Assignment: Keep to one stretch of the data below, the lines from the one with "La cérémonie, qui" up to and including the one with "4. graphic/character/main_character폴더의 dead_000.png와", and return that stretch exactly.

Provided records:

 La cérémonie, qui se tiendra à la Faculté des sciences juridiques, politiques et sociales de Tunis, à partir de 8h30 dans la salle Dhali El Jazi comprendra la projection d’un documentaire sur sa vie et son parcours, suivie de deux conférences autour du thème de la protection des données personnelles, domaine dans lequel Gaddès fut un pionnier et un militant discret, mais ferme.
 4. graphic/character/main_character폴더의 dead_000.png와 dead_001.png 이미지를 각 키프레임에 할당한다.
---
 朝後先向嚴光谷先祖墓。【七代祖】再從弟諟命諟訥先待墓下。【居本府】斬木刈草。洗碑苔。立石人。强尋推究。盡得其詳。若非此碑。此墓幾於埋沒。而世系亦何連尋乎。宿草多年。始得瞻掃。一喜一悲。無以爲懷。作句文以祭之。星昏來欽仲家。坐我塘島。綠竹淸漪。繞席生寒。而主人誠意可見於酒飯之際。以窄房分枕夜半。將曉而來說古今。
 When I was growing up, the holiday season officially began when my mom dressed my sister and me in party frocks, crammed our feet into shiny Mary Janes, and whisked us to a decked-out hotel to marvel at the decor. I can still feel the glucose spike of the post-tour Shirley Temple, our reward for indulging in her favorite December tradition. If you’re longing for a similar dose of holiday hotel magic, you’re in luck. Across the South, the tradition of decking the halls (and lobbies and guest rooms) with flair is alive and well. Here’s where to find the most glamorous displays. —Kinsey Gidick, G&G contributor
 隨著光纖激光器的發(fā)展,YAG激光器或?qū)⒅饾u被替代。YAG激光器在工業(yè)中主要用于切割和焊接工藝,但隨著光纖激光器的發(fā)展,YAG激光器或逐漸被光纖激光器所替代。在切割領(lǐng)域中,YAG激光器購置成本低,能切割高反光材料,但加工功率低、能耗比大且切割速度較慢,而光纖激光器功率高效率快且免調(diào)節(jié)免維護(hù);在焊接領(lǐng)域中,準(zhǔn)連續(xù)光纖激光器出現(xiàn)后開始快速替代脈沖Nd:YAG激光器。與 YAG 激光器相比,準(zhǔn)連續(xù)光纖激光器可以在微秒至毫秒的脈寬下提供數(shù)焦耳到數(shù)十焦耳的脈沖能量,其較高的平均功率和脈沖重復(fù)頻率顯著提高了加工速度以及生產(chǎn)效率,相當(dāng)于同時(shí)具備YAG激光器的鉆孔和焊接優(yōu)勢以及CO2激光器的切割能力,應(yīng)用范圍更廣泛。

Solved problem:
 La cérémonie, qui se tiendra à la Faculté des sciences juridiques, politiques et sociales de Tunis, à partir de 8h30 dans la salle Dhali El Jazi comprendra la projection d’un documentaire sur sa vie et son parcours, suivie de deux conférences autour du thème de la protection des données personnelles, domaine dans lequel Gaddès fut un pionnier et un militant discret, mais ferme.
 4. graphic/character/main_character폴더의 dead_000.png와 dead_001.png 이미지를 각 키프레임에 할당한다.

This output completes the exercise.